$23.99
Instructions: Please put all answers in a single PDF with your name and NetID and upload to SAKAI before class on the due date (there is a LaTeX template on the course web site for you to use). Definitely consider working in a group; please include the names of the people in your group and write up your solutions separately. If you look at any references (even wikipedia), cite them. If you happen to track the number of hours you spent on the homework, it would be great if you could put that at the top of your homework to give us an indication of how difficult it was.
Problem 1
EM and K-means
(a) We wish to compute the M-step in an E-M algorithm for a Gaussian mixture model.
Starting with the expected complete data log likelihood (auxiliary) function:
n K n K
Q(θ, θ(t−1) ) =
X X p(zi = k|xi , θ(t−1) ) log[πk ] + X X p(zi = k|xi , θ(t−1) ) log[p(xi |θk )]
i=1 k=1
where θ = {µk , πk , Σk }
i=1 k=1
(based on Equation 11.26 on page 351 in Murphy’s Book)
derive the maximum likelihood estimations of µk and πk .
As defined in equations 11.1 and 11.2 on pages 338 − 9 in Murphy’s book: each base distribution in the mixture model is a multivariate Gaussian with mean vector
µk and covariance matrix Σk . And π are the mixing weights sastifying 0 ≤ πk ≤ 1
and
PK
k=1
πk = 1.
(b) Compare these maximum likelihood updates for π and µ to that of K-means (Section
11.4.2.5 on page 352 in Murphy’s book). How are the updates similar and how do they differ? Use 3 − 4 sentences to explain your answer.
Problem 2
Hidden Markov Model
Z1 Z2 ZT
X1 X2 XT
In this problem we will be using a first-order Hidden Markov Model (HMM). Where our latent variables are denoted as Z ∈ {Z1, ..., ZT } and our observed variables are X ∈ {X1 , ..., XT } as shown in the figure above. Assume we have observed data D =
{x1, . . . , xn }, where xi ∈ {0, 1}. Assume the emission and transition distributions are:
Xt |Zt ∼ Ber(µZt )
Zt |Zt−1 ∼ Ber(πZt−1 )
Note: that Zt and Zt−1 are subscript notations of the parameters µ and π in the Bernoulli distributions above. Our goals are to estimate parameters θ = {µ, π}, and also update our estimates as we observe more data.
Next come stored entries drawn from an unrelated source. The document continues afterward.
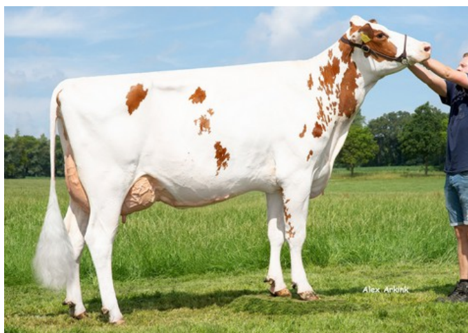
K&L SV Sunny Red
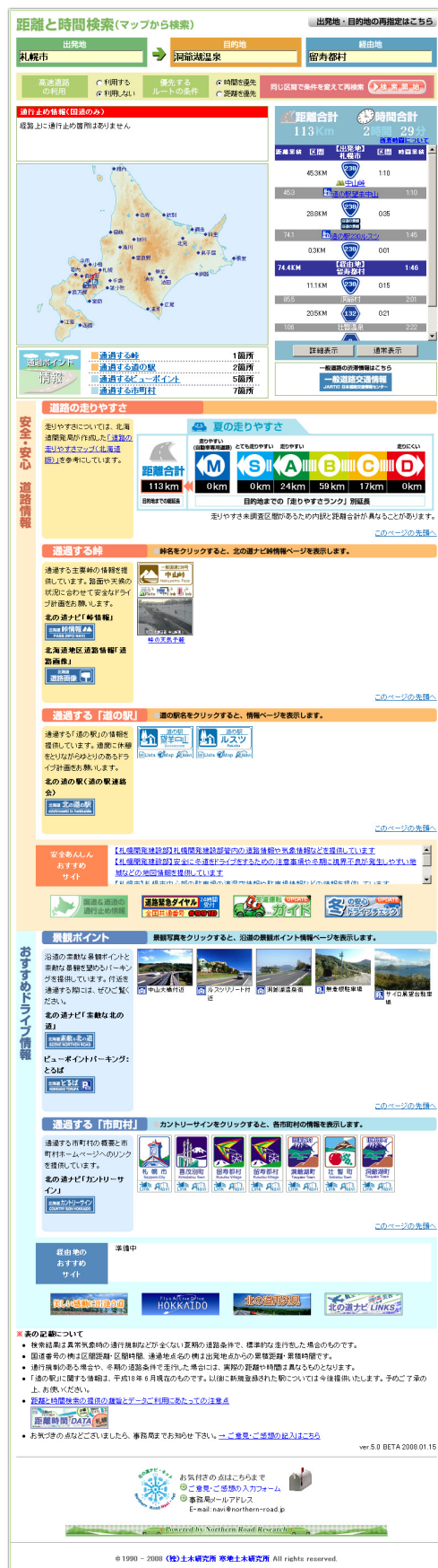
▲図-2 「距離と時間検索」の検索結果
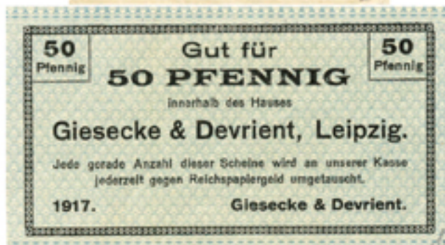
Abb. 43i, k: 5- und 50-Pf-Gutschein von Giesecke & Devrient, Leipzig, 1917.*
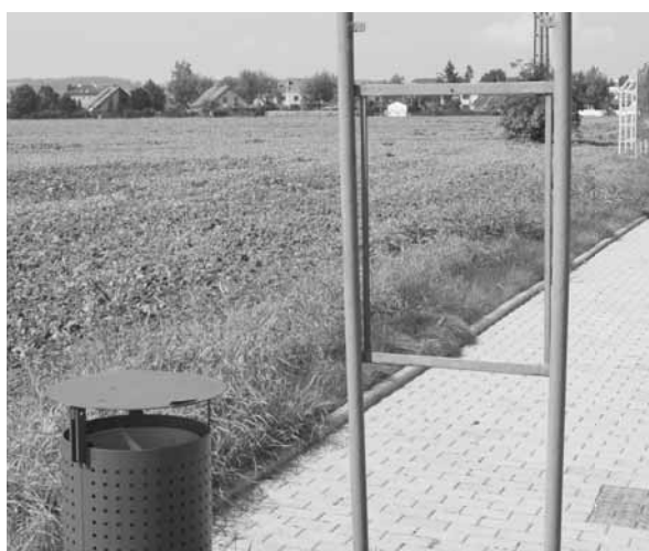
Zastávka u pole. Snad nebude trvat dlouho, a tato očesaná zastávka městské hromadné dopravy bude konečně k užítku.
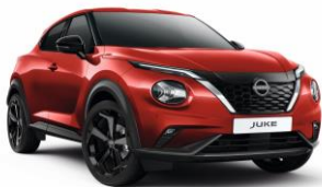
Červená Z10 - 8 900 Kč
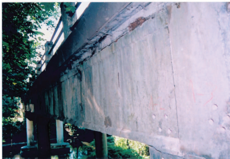
Obr.A17-34 Pravá, povodní fasáda. Pohled od V. podpěry proti směru staničení, ke Slatině, - až na vyvěrání praménků asfaltu zpod říms, viz obr. A17-33.
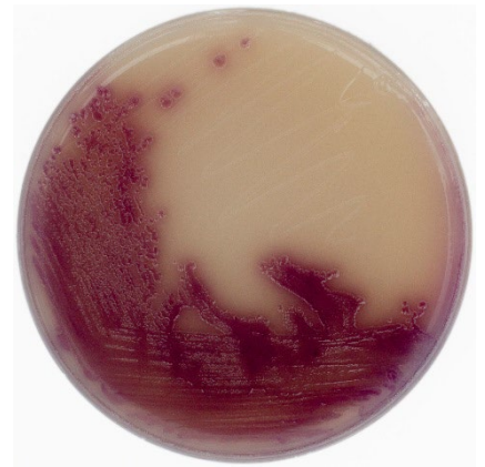
Chromogenic OSCM agar Magenta colonies
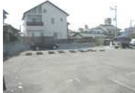
金岡町建築予定地

今年のギミックデザイン 一番の物件の かなおかヴィレッジの 図面が完成しました。これからは、各工事の見積を依頼して 業者を検討・決定して行きます。 廻りに賃貸の集合住宅は、たくさんありますが どれも違う 外観&内装の賃貸になる予定ですので ご期待ください。
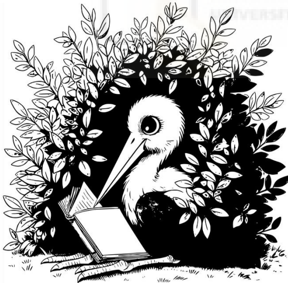
Fig.5: Boceto cigüeña negra, Aria.

A continuación incluyo los demás personajes del libro.
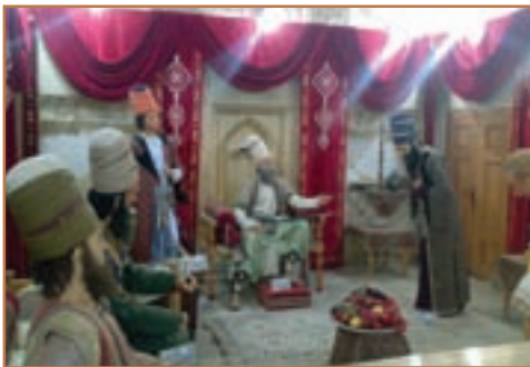
دربار کریم خان زند

کریم خان یکی از افراد ایل زند بود که بعد از یک دوره بیست ساله جنگ و گریز بر دیگر مدعیان
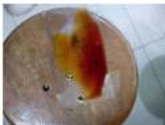
Gambar 3. Cairan Mordant
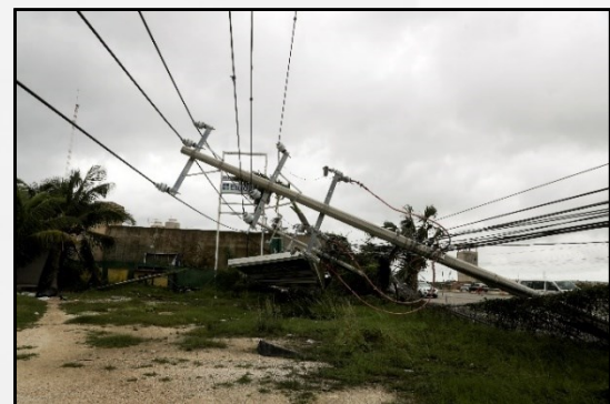
Daños en postes del sistema eléctrico (Cancún, Quintana Roo)
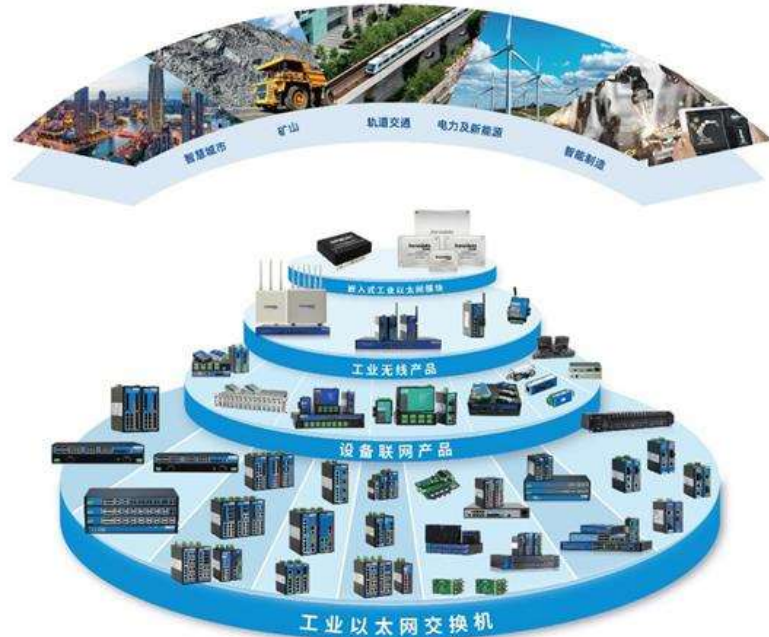
图 5: 三旺通信产品布局情况

深耕工业通信市场 20 余年, 产品体系齐全。公司为专注于工业互联网解决方案供应商, 坚持研发驱动和自主创新, 致力于工业互联网通信产品的研发、生产和销售, 主要产品包括工业以太网交换机、嵌入式工业以太网模块、设备联网产品、工业无线产品等四大产品线, 并可根据下游行业应用需求, 提供较为完善的定制化工业互联网通信系统整体解决方案。
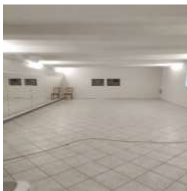
Obr. 81-82 – Zrkadlová miestnosť pred prerábkou a po prerábke
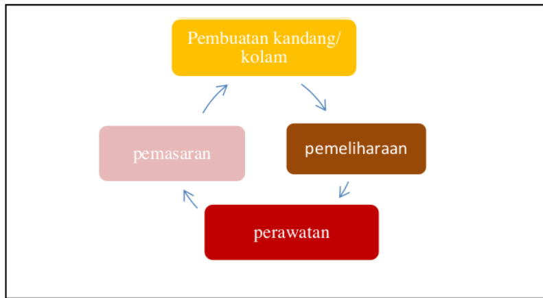
Gambar 4. Pengelolaan Peternakan dan Perikanan

Menurut wawancara dengan responden, jenis tanaman yang sering dijual ialah tanaman kopi karena masa panennya cepat yaitu setiap minggu sehingga lebih cepat untuk dijual dan mendapatkan pendapatannya. Perbedaan harga yang terjadi antara petani, agen, maupun pasar disebabkan karena beberapa faktor, factor yang sangat mempengaruhi ialah selisih keuntungan dan biaya transportasi untuk yang dekat maupun jauh. Dalam kegiatan peternakan dan perikanan yang dilakukan masyarakat Desa Paraduan adalah mulai dari pembuatan tempat (kandang, atau kolam untuk ikan), pemeliharaan, Perawatan, dan pemasaran. Uraian kegiatannya dapat dilihat pada Gambar 4.
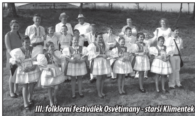
III. folklorní festivalček Osvětímány - starší Klimentek
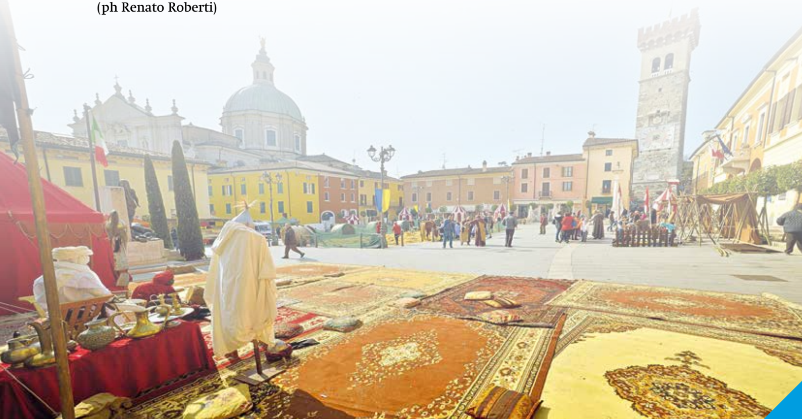
CITTADELLA IN FESTA

Centinaia i visitatori che hanno scoperto i tesori d'arte e storia del centro storico di Lonato del Garda: la Torre Civica aperta per l'occasione dai volontari dell'Associazione La Polada, la Rocca visconteo veneta con il Museo Civico Ornitologico e la Casa del Podestà aperte grazie al sodalizio dell'Associazione Amici della Fondazione Ugo Da Como.
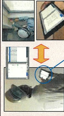
端末でチェック 通信端末 内容確認・是正
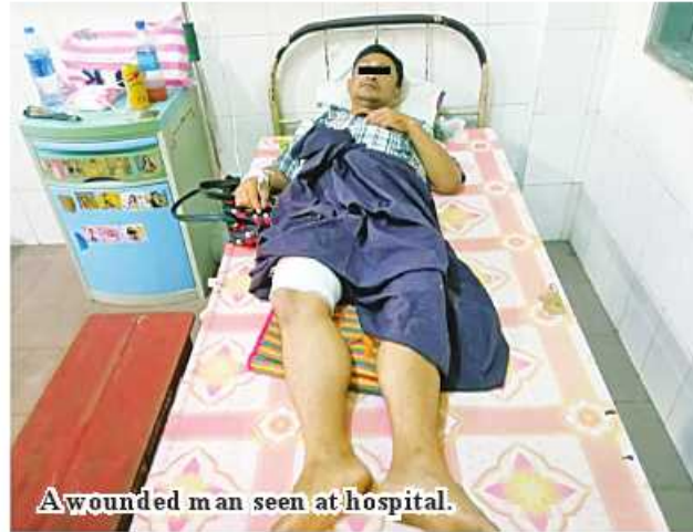
A wounded man seen at hospital.

Nay Pyi Taw October 21 Battalions under KNU/KNLA Brigade-6, KKO (Split) group, and so-called PDF terrorists under NUG and CRPH this morning launched fire into Kawkareik of Kayin State with heavy weapons and entered and attacked public residences, staff housings, offices and departmental buildings.
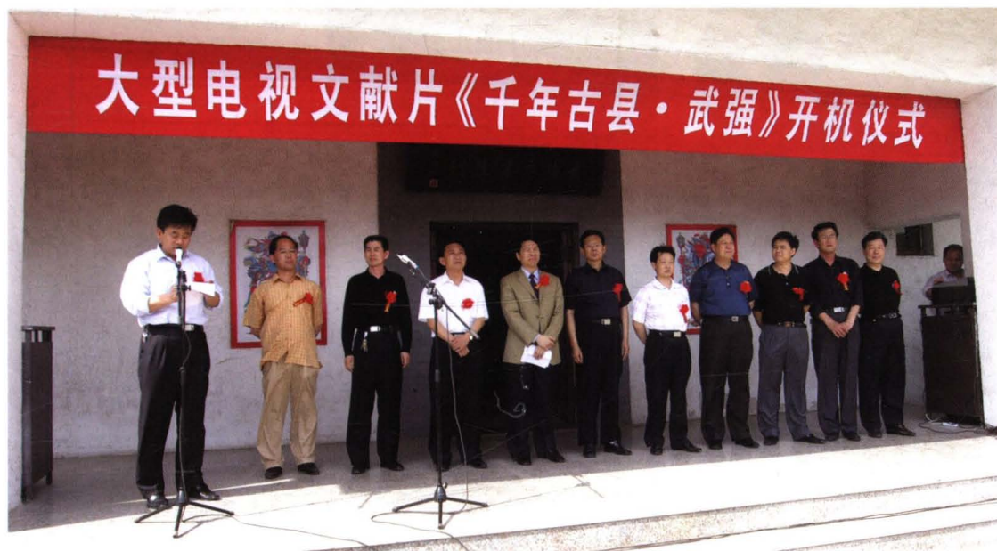
2006年5月17日，大型文献片《千年古县·武强》在武强年画博物馆举行开机仪式
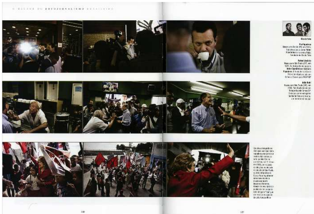
Figura 05: Cia da Foto, 2008. Publicado originalmente na Folha de São Paulo e reproduzido no livro O melhor do fotojornalismo brasileiro – edição 2009 (ARAÚJO, 2009).
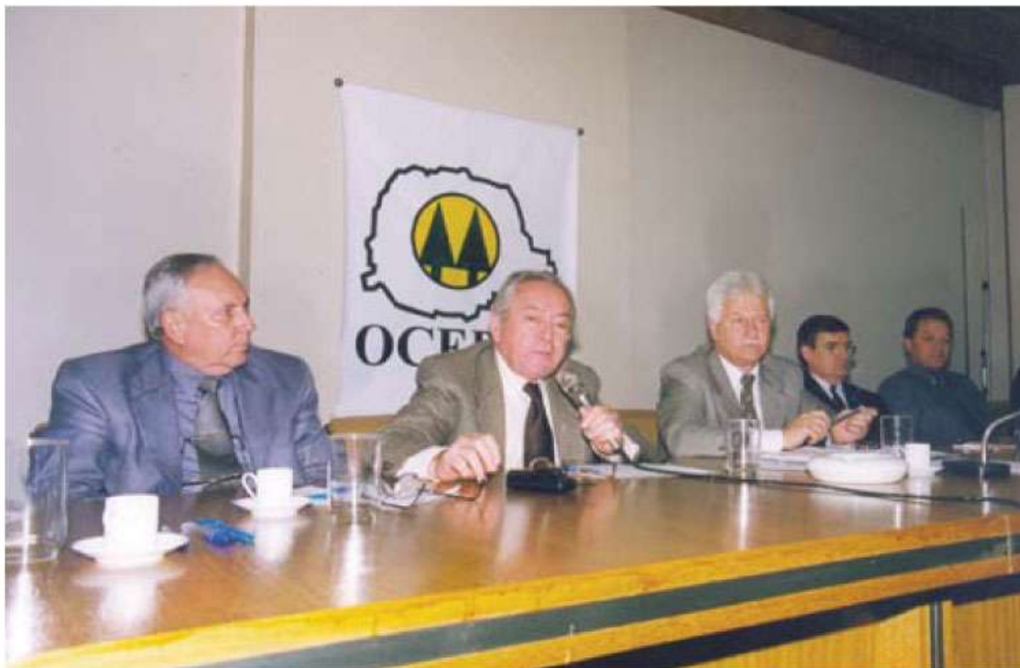
Reunião na Ocepar para discussão do Recoop

Quem acompanhou a vida econômica das empresas do agronegócio após a implantação do Plano Real compreende melhor a dimensão dos prejuízos e da descapitalização do setor. É comum o reconhecimento de que a agricultura foi a âncora verde do plano. O quadro pós-plano incluía inflação baixa, preços dos produtos agrícolas e dos insumos em queda e juros elevados. Havia menor renda no campo, mas dívidas maiores para pagar. Uma conta que não fechava. As autoridades foram per-
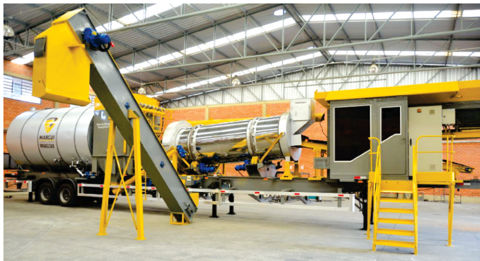
USINA DE ASFALTO SENA MADUREIRA - AC
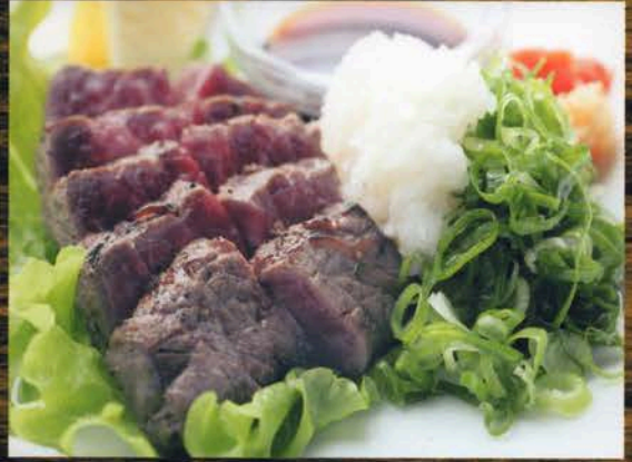
和牛もも炙り焼き 和牛もも炙り焼き 700円
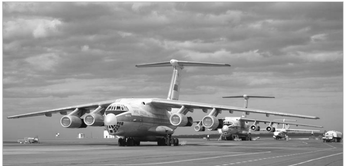
В Барнауле будет построен новый терминал аэропорта, который обойдется в
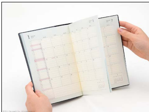
白のインデックスを押さえると白のページのみが開く
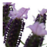
肌にハリを与え、シワ予防・むくみ改善効果のラベンダー
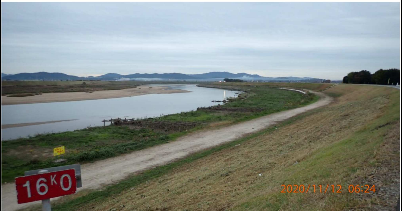
右岸16km付近より下流を撮影。樹木伐採後に斜面も除草されている。

(a) Write out the observation likelihood function (P (X |θ)).
(b) Write out the complete data log likelihood (`c(θ) = log P (X, Z |θ)).
(c) Write out the expected complete data log likelihood(Q(θ, θ t−1) = E[`c(θ)|D, θ t−1]). (d) Explicitly write out the maximum likelihood updates for π and µ (the M-step),
assuming the E-step is as we discussed in class.
(e) Clearly outline and write out the steps for updating the parameters using the Expectation - Maximization algorithm in pseudocode (but you do not need to implement it).
Problem 3
Conceptual clustering algorithm
We have seen in class that we can use the K-means algorithms to identify K clusters in a dataset. Now consider a case where we are given a data set X ∈ R1000×1 (download from Sakai) and do not know the appropriate pre-defined cluster number, K . We propose to cluster the data, and determine the number of clusters K from the data, using the following method:
(Note that ηk is the centroid of cluster k, and K is the number of clusters, each with their own centroid: η = {η1, ..., ηK })
Adaptive K-means algorithm:
1. Initialize by labeling all of the data in one cluster (all Xi ’s are assigned to one cluster and call η0 is their centroid). Store η0.
2. Within the range of the data (i.e., based on centroid η0), randomly generate a new centroid, which we will call ηK +1 .
3. Assign each Xi to one of K +1 clusters based on which ηk minimizes the Euclidean distance:
zi = argmink ||xi − ηk ||2
4. Keep all centroids, ηk , that have at least one Xi assigned to it. Update the value of K based on the total number of labelled centroids. Update the retained centroids based on assigned data points, as in the standard K-means algorithm.
5. Repeat Steps 2 − 4 until you have reached a reasonable stopping place.
Question:
1. Conceptually, how many clusters do we expect to have? In other words, what value of K should we expect? Answer this before implementing.
2. When you implement this method in R, how many clusters do we end up with
(please show code)?
3. How do you suggest we modify our method to prevent overfitting? Try this approach in your code and report the estimated K . Did it work?